Julie McBride testified last year that as a "morale, welfare and recreation coordinator" at Camp Fallujah, she saw KBR exaggerate costs by double- and triple-counting the number of soldiers who used recreational facilities.
She also said the company took supplies destined for a Super Bowl party for U.S. troops and instead used them to stage a celebration for themselves.
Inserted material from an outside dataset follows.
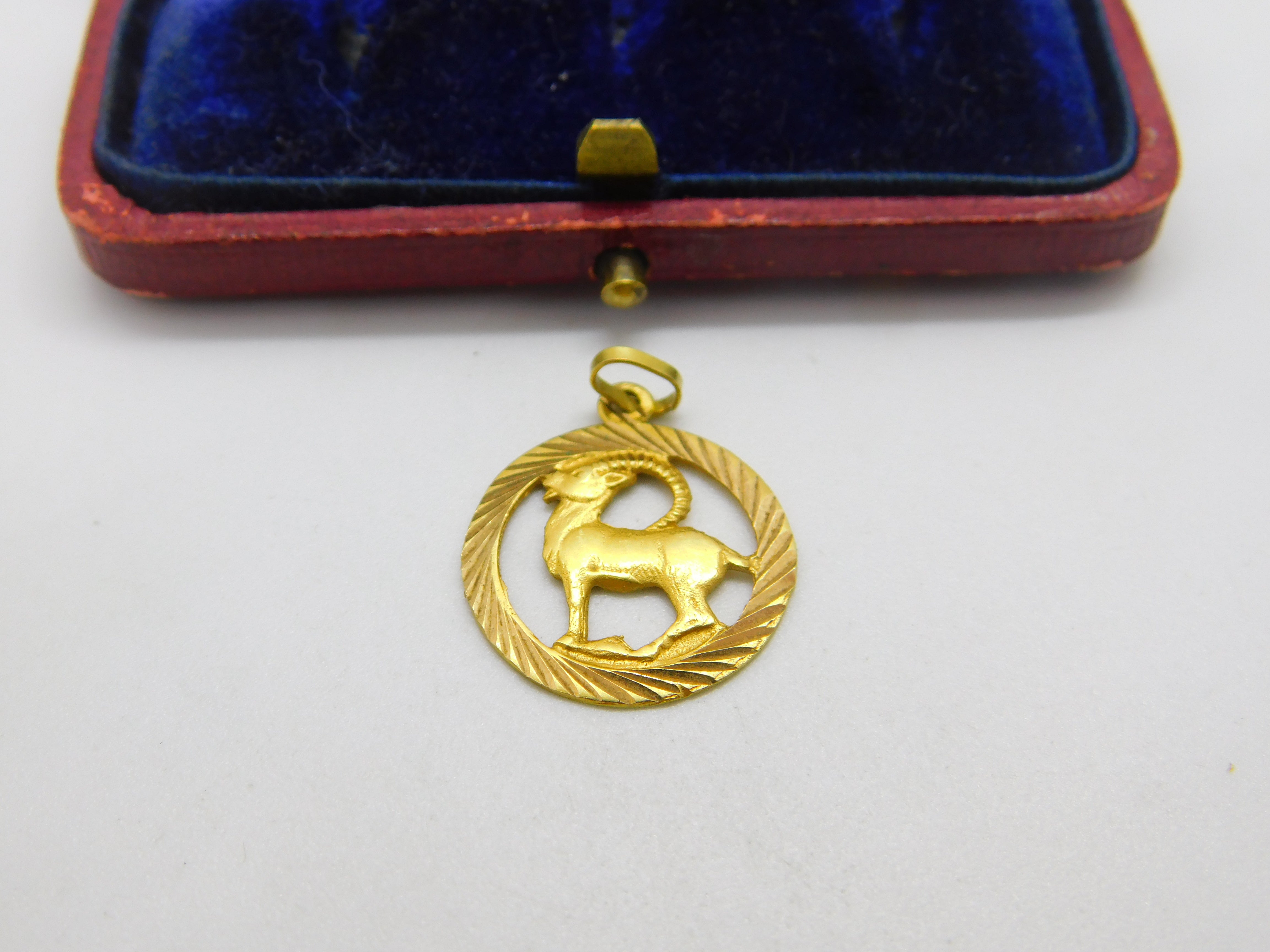18ct Yellow Capricorn the Goat Zodiac Star Sign Charm Pendant Vintage c1970

"After I voiced my concerns about what I believed to be accounting fraud, Halliburton placed me under guard and kept me in seclusion," she told the committee. "My property was searched, and I was specifically told that I was not allowed to speak to any member of the U.S. military. I remained under guard until I was flown out of the country."
Halliburton and KBR denied her testimony.
She also has filed a whistleblower suit. The Justice Department has said it would not join the action. But last month, a federal judge refused a motion by KBR to dismiss the lawsuit.
"I Thought I Was Among Friends"
Donald Vance, the contractor and Navy veteran detained in Iraq after he blew the whistle on his company's weapons sales, says he has stopped talking to the federal government.
Navy Capt. John Fleming, a spokesman for U.S. detention operations in Iraq, confirmed the detentions but said he could provide no further details because of the lawsuit.
According to their suit, Vance and Ertel gathered photographs and documents, which Vance fed to Chicago FBI agent Travis Carlisle for six months beginning in October 2005. Carlisle, reached by phone at Chicago's FBI field office, declined comment. An agency spokesman also would not comment.
The Iraqi company has since disbanded, according the suit.
Vance said things went terribly wrong in April 2006, when he and Ertel were stripped of their security passes and confined to the company compound.
Panicking, Vance said, he called the U.S. Embassy in Baghdad, where hostage experts got on the phone and told him "you're about to be kidnapped. Lock yourself in a room with all the weapons you can get your hands on."'
The military sent a Special Forces team to rescue them, Vance said, and the two men showed the soldiers where the weapons caches were stored. At the embassy, the men were debriefed and allowed to sleep for a few hours. "I thought I was among friends," Vance said.
An Unspoken Baghdad Rule
The men said they were cuffed and hooded and driven to Camp Cropper, where Vance was held for nearly three months and his colleague for a little more than a month. Eventually, their jailers said they were being held as security internees because their employer was suspected of selling weapons to terrorists and insurgents, the lawsuit said.
The prisoners said they repeatedly told interrogators to contact Carlisle in Chicago. "One set of interrogators told us that Travis Carlisle doesn't exist. Then some others would say, 'He says he doesn't know who you are,"' Vance said.
Released first was Ertel, who has returned to work in Iraq for a different company. Vance said he has never learned why he was held longer. His own interrogations, he said, seemed focused on why he reported his information to someone outside Iraq.
And then one day, without explanation, he was released.
"They drove me to Baghdad International Airport and dumped me," he said.
When he got home, he decided to never call the FBI again. He called a lawyer, instead.
"There's an unspoken rule in Baghdad," he said. "Don't snitch on people and don't burn bridges."
For doing both, Vance said, he paid with 97 days of his life.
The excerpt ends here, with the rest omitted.